YM changes the traditional practice of having a limited range of room rates relating to room type. Instead, room rate is determined by demand and the room rate may change several times over a few days -- even daily. If the hotel's YM system is effective, the fluctuating room rate is used to be price selective rather than uncompetitive. This means the only time a potential guest can reserve a similar cheaper room with a competitor is when your hotel is aiming for (and can realistically expect to book) guests who generate a higher net yield. The challenge for hoteliers is to take advantage of the individual characteristics of each market segment in their provision, packaging and pricing of the hotel product by matching different rates against different purchase behaviour within each market segment. Therefore, managers must be aware of the price elasticity of demand and implement rational restrictions which prevent price inelastic trade-downs, such as a non-booked walk-in guest paying 40% of rack rate rather than full rack rate. Only when hoteliers are aware of the price elasticity of demand for accommodation per market segment, combined with the elasticity of yield (the impact of price change on net yield) can a more realistic and competitive price be formulated.
Training
The implementation of a 'yield' driven system radically changes the traditional client/staff dialogue. Guests are accustomed to booking a particular room type at an established price which may often be discounted. The emphasis within YM changes this approach in that staff sell the hotel room at a price which is determined by just about everything other than room type. From the outset, the transaction becomes difficult to handle as guests will expect a specific rate per room type. This conflicts with yield strategies and highlights the need for specialised training in this area. An enquiry for a single room at single business rate on a Tuesday evening requires sensitive handling to inform the guest that:
(a) the rate requested may not be available on the Tuesday required;
(b) the rate requested may be available on a Tuesday night if booked and confirmed fourteen days in advance;
(c) rooms are available on the Tuesday night requested at a higher rate;
(d) rooms are available on a Thursday night at the rate requested for Tuesday.
Incentive Schemes
YM systems can be expected to present difficulties for sales departments.
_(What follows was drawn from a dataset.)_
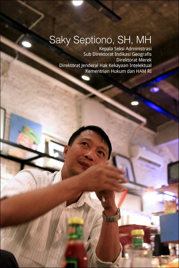Saky yang lahir di Jakarta dan Magister Hukum dari Fakultas Pasca Sarjana bidang Hukum Universitas Diponegoro, mengatakan bahwa pemerintah Indonesia sudah memulai IG sejak tahun 2005. Saat itu, melalui tangan Saky dan rekan sekerjanya, untuk pertama kali pemerintah Indonesia berhasil memberikan sertifikat Indikasi Geografis untuk kopi Kintamani Bali. Sebuah pencapaian yang sangat penting dalam memberikan perlindungan hukum terhadap para petani kopi di pulai Dewata ini sekaligus memberikan ketentraman dalam upaya budi daya kopi Kintamani yang tidak bisa ditiru oleh wilayah manapun.
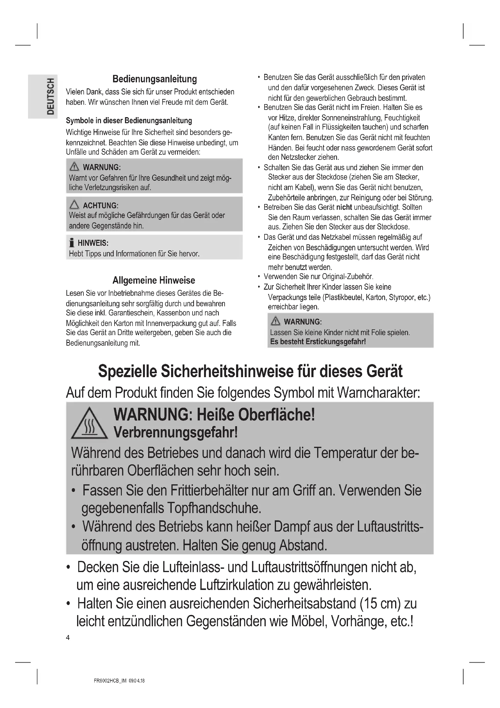 - Halten Sie einen ausreichenden Sicherheitsabstand (15 cm) zu leicht entzündlichen Gegenständen wie Möbel, Vorhänge, etc.!FR6002HCB_IM 09.0 4.18

Traditionally, such staff are rewarded by the amount of sales they make -- often on the basis of occupancy or average room rate. The implicit assumption in this approach is that all room nights are equally beneficial to the hotel regardless of rate. However, a more effective incentive scheme within the context of YM incorporates incentive points which are directly related to the sales generated on high, medium and low demand days. Sales staff who sell high rates on low demand days should accrue greater incentives than the sale of heavily discounted rates on low demand days.
Travellers and hotel guests have become accustomed to choosing the best product, price and service from a highly competitive market. In today's changing and highly competitive hotel environment, the application of YM provides an opportunity for hospitality executives to gain a competitive edge on the hotel room product and price while focusing on the net return.